(Excerpts from a dataset)
= Beginning of Section =

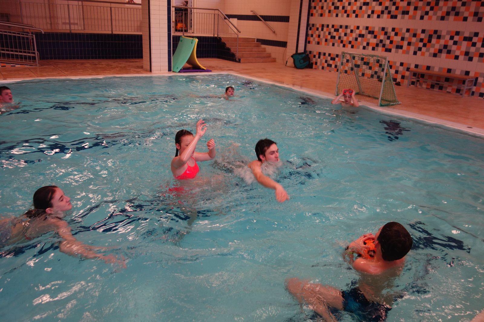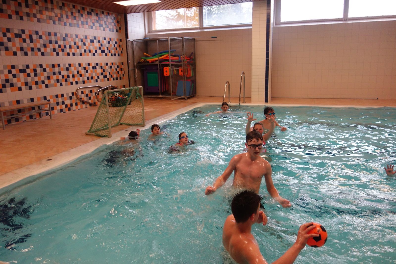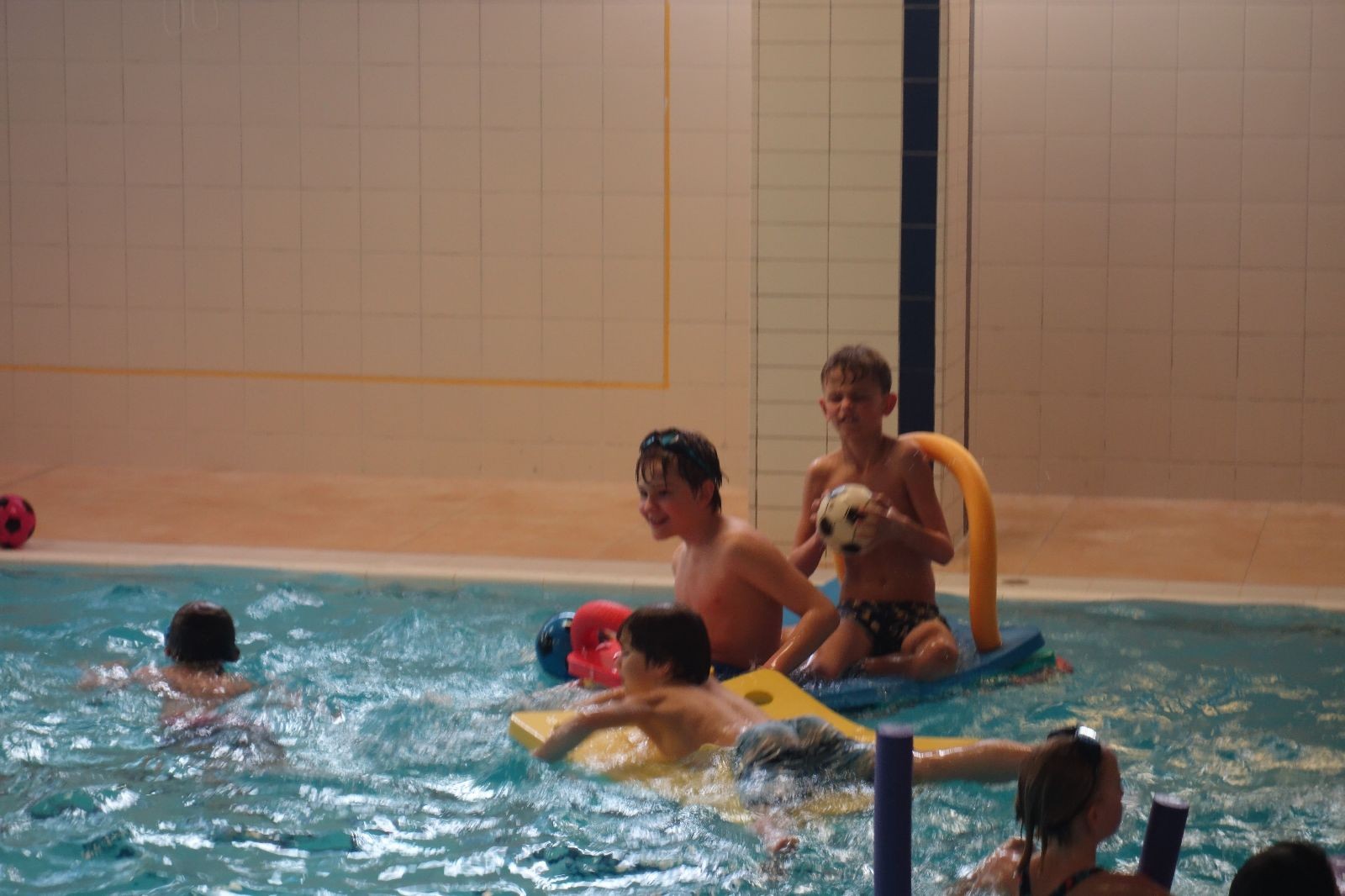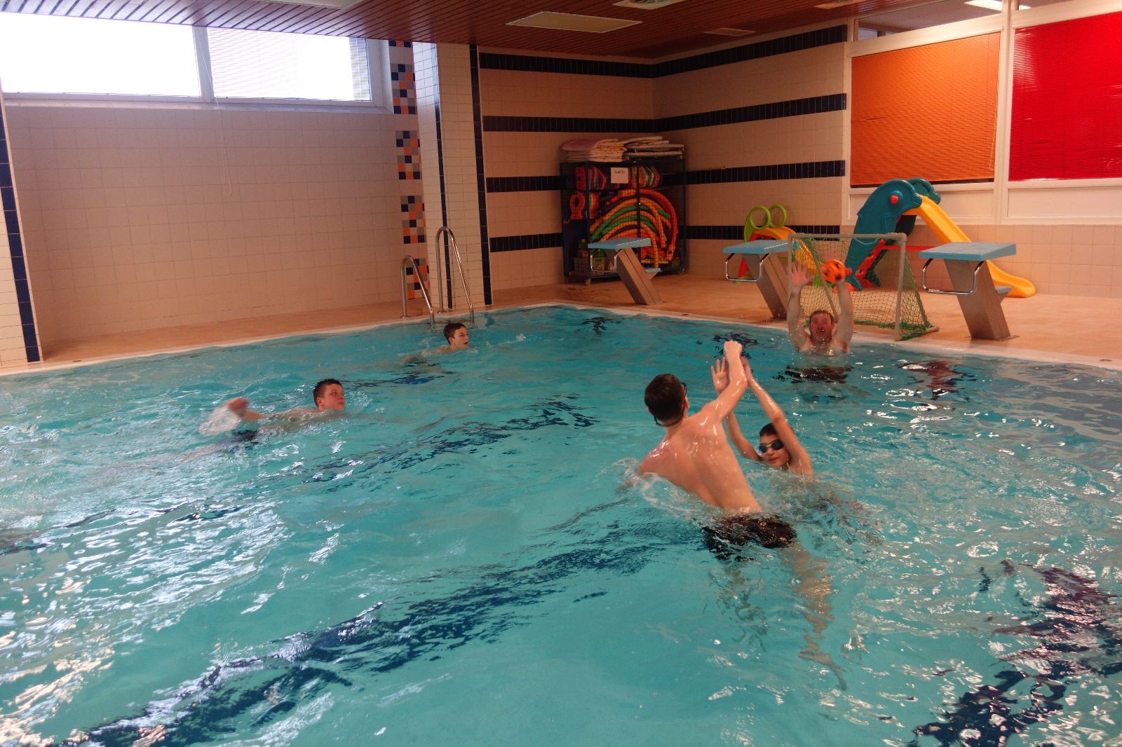 Starších přišlo na druhou hodinu o něco méně a hrálo se vodní pólo. Myslím, že se i při této hře všichni dobře bavili, ocenil jsem zejména, že si družstva vzájemně přihrávala a že to celé bylo pěkně týmové. Nakonec výsledné skóre hovoří za vše: 22:18.
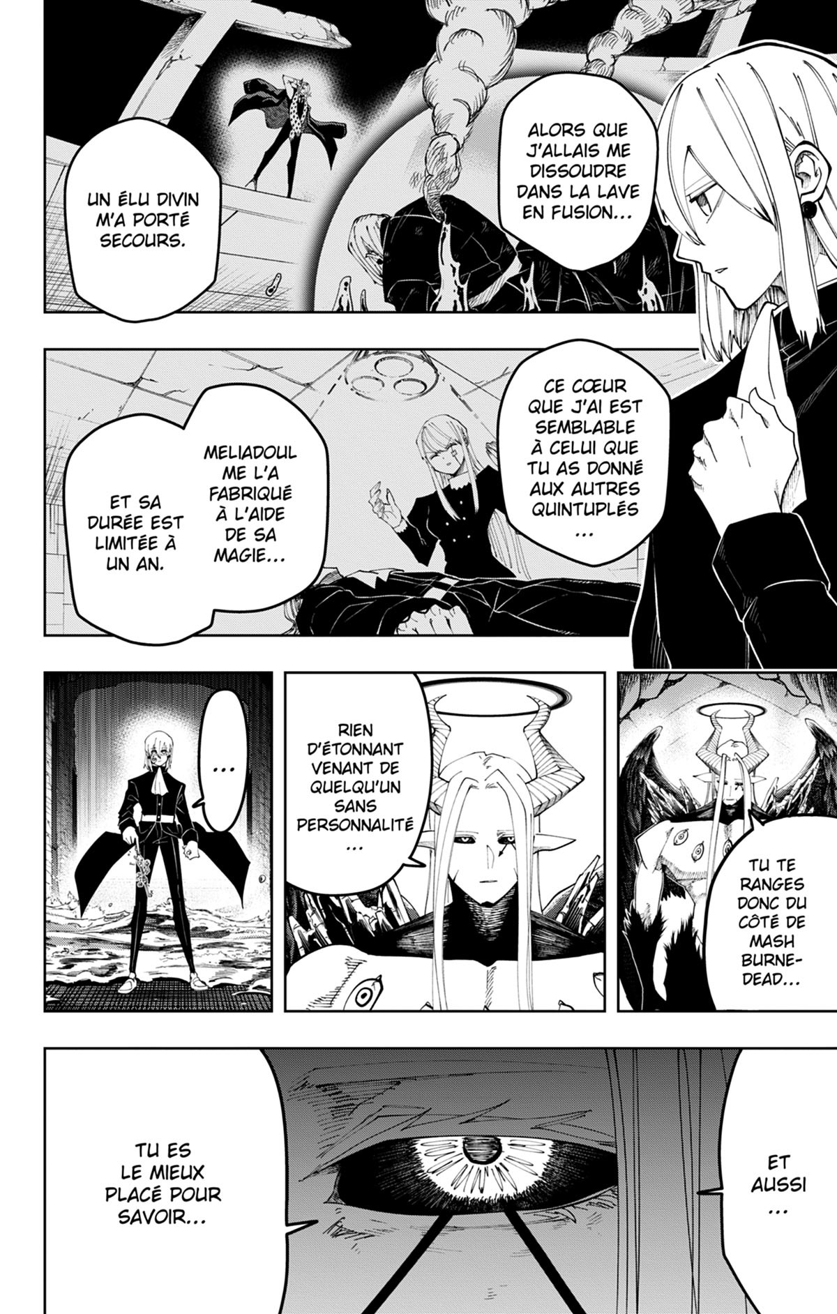 Innocent Zero poursuit Mash après lui avoir arraché le coeur, mais est arrêté dans son élan par Domina. Ce dernier, qui avait sombré dans de la lave en fusion, resurgit pour barrer le passage à son redoutable père, au nom de l’amitié qui le lie à son ancien adversaire ! Pendant ce temps, les camarades de Mash, prêts à défier la mort, se démènent pour l’emmener auprès de Meliadoul. Réussiront-ils à atteindre leur destination malgré leurs blessures et les ennemis lancés à leurs trousses ? De son côté, Mash se retrouve à errer dans les limbes, où il fait une rencontre des plus incongrues...
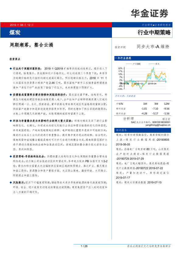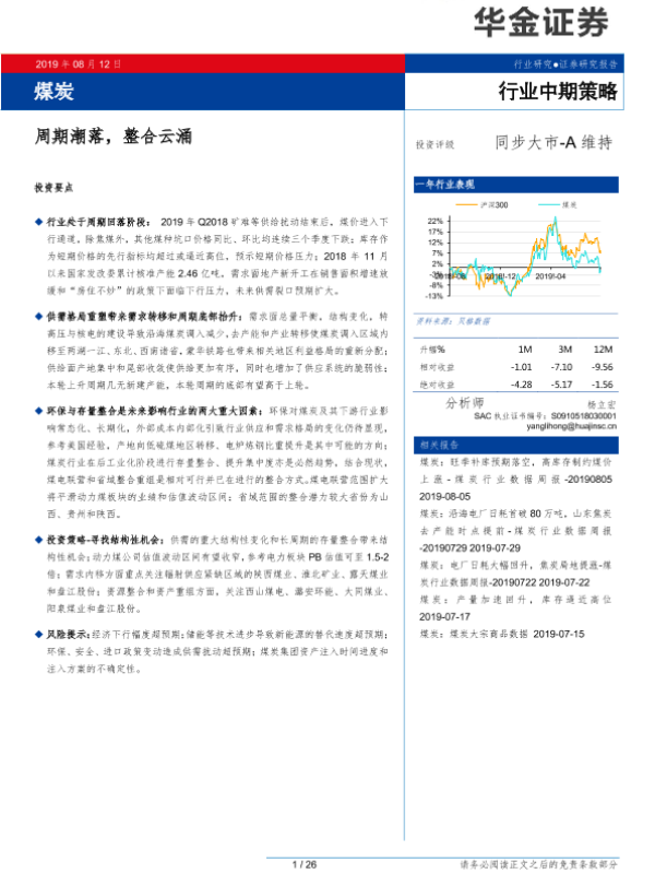 【华金证券】【20190812】煤炭行业中期策略:周期潮落,整合云涌-27页
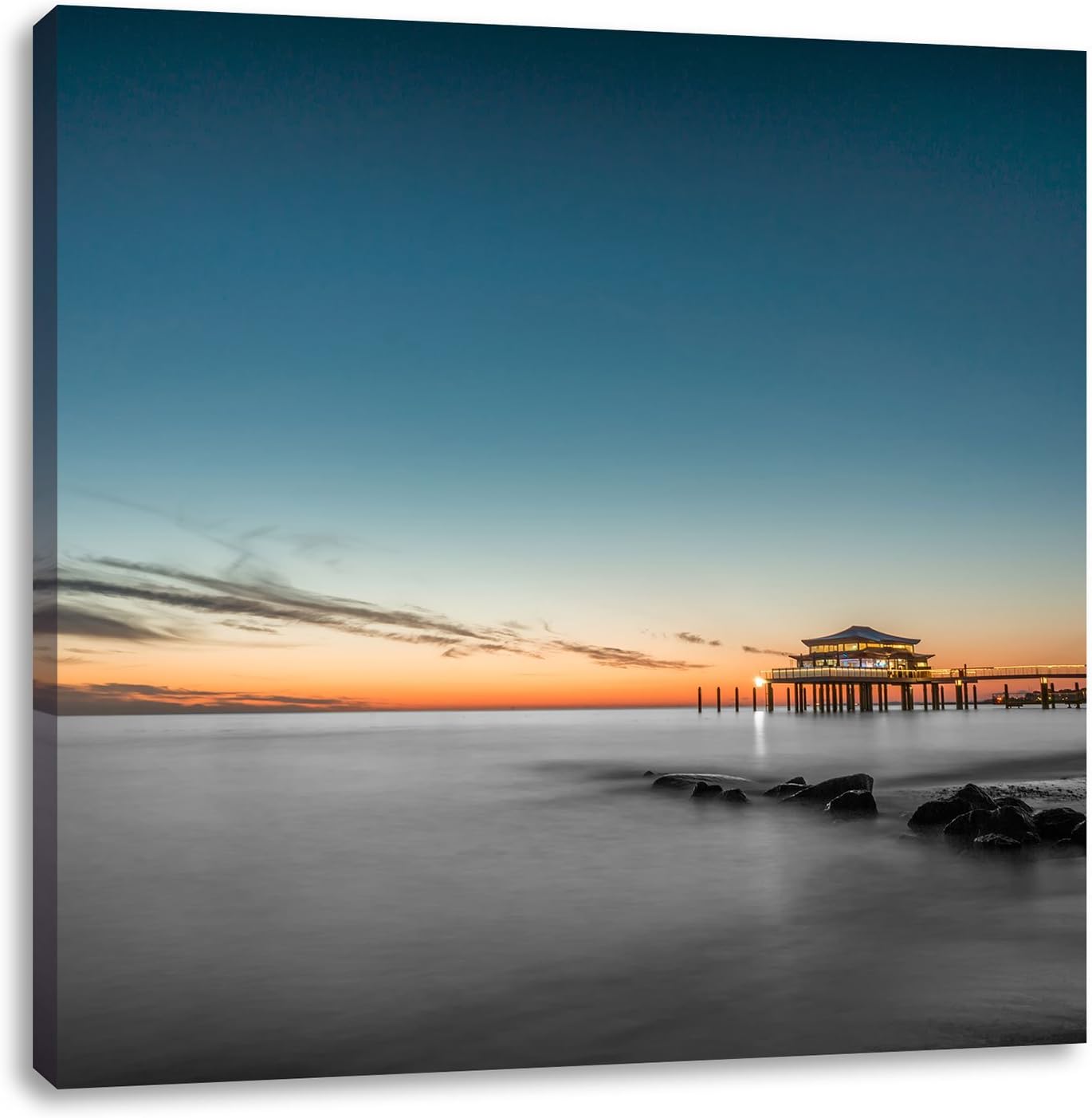 Pixxprint Timmendorfer Strand bei Sonnenuntergang Schwarz/Weiss, Format: 70x70 auf Leinwand, 70x70
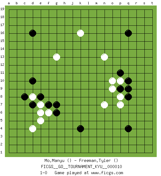 Last move : 1-0 2006 December 31 21:17:58 [Event "FICGS__GO__TOURNAMENT_KYU__000010"] [Site "FICGS"] [Date "2006.11.11"] [Round "1"] [Black "Mo,Manyu"] [White "Freeman,Tyler"] [Result "1-0"] 1.d16 k16 2.d10 g13 3.q4 n7 4.k4 d4 5.q16 n13 6.q10 o10 7.g7 f6 8.g6 e5 9.f7 e7 10.e8 d8 11.d7 e6 12.c8 p10 13.p9 p8 14.q8 o9 15.q9 p7 16.p11 1-0 This go game has been lost on time (started : 2006.11.11 14:23:0) Here are the names of the openings (joseki) played in the four corners : Corner d16 : d16 g13 Hoshi (Hwajeom, Seongjeom, Xingwei`) 4-4 Point. The star or hoshi (4-4) point, emphasizing influence at the potential expense of territory. Corner q4 : q4 n7 Hoshi (Hwajeom, Seongjeom, Xingwei`) 4-4 Point. The star or hoshi (4-4) point, emphasizing influence at the potential expense of territory. Corner q16 : q16 n13 Hoshi (Hwajeom, Seongjeom, Xingwei`) 4-4 Point. The star or hoshi (4-4) point, emphasizing influence at the potential expense of territory. Corner d4 : d4 g7 Hoshi (Hwajeom, Seongjeom, Xingwei`) 4-4 Point. The star or hoshi (4-4) point, emphasizing influence at the potential expense of territory. Player Black won this Go (weiqi, baduk) game. Follow this game move after move (download)Ikken tobi is never wrong. (Anonymous) There are two kinds of people in the world, my friend. Those who have a loaded gun and those who dig. You dig ! (Blondie in The Good, The Bad and The Ugly)
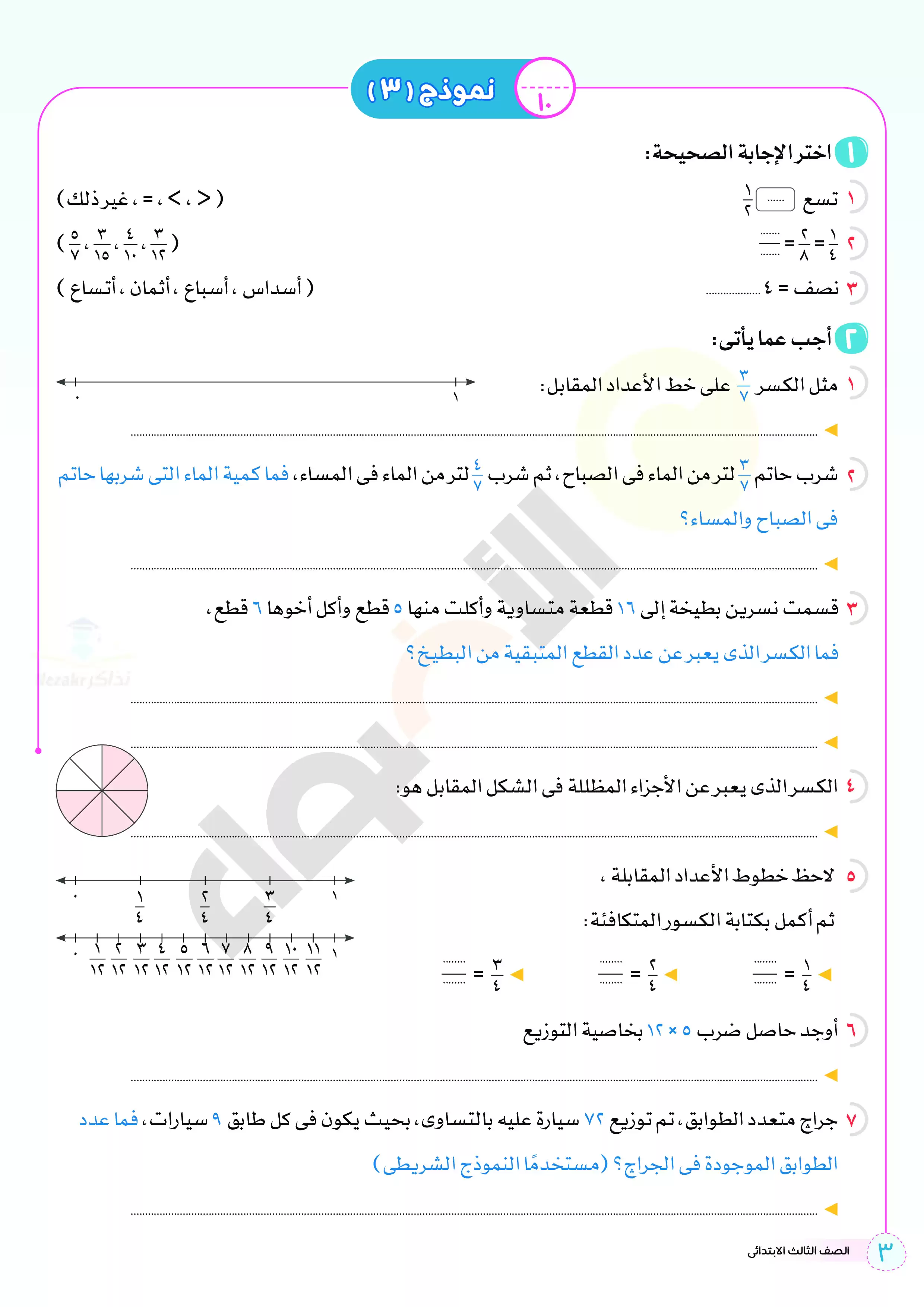 صفحة 3 من 12 صفحة من ملف: اختبارات الأضواء الاسترشادية في الحساب للصف الثالث الابتدائي مقرر أبريل 2025 بالاجابات - Nezakr

= End of Section =

Using the records above, return verbatim only the part that opens with the line containing "Pixxprint Timmendorfer Strand" and closes with the line containing "Last move : 1-0"; pictures stay out.

- _Output for this exercise_:
 Pixxprint Timmendorfer Strand bei Sonnenuntergang Schwarz/Weiss, Format: 70x70 auf Leinwand, 70x70
 Last move : 1-0 2006 December 31 21:17:58 [Event "FICGS__GO__TOURNAMENT_KYU__000010"] [Site "FICGS"] [Date "2006.11.11"] [Round "1"] [Black "Mo,Manyu"] [White "Freeman,Tyler"] [Result "1-0"] 1.d16 k16 2.d10 g13 3.q4 n7 4.k4 d4 5.q16 n13 6.q10 o10 7.g7 f6 8.g6 e5 9.f7 e7 10.e8 d8 11.d7 e6 12.c8 p10 13.p9 p8 14.q8 o9 15.q9 p7 16.p11 1-0 This go game has been lost on time (started : 2006.11.11 14:23:0) Here are the names of the openings (joseki) played in the four corners : Corner d16 : d16 g13 Hoshi (Hwajeom, Seongjeom, Xingwei`) 4-4 Point. The star or hoshi (4-4) point, emphasizing influence at the potential expense of territory. Corner q4 : q4 n7 Hoshi (Hwajeom, Seongjeom, Xingwei`) 4-4 Point. The star or hoshi (4-4) point, emphasizing influence at the potential expense of territory. Corner q16 : q16 n13 Hoshi (Hwajeom, Seongjeom, Xingwei`) 4-4 Point. The star or hoshi (4-4) point, emphasizing influence at the potential expense of territory. Corner d4 : d4 g7 Hoshi (Hwajeom, Seongjeom, Xingwei`) 4-4 Point. The star or hoshi (4-4) point, emphasizing influence at the potential expense of territory. Player Black won this Go (weiqi, baduk) game. Follow this game move after move (download)Ikken tobi is never wrong. (Anonymous) There are two kinds of people in the world, my friend. Those who have a loaded gun and those who dig. You dig ! (Blondie in The Good, The Bad and The Ugly)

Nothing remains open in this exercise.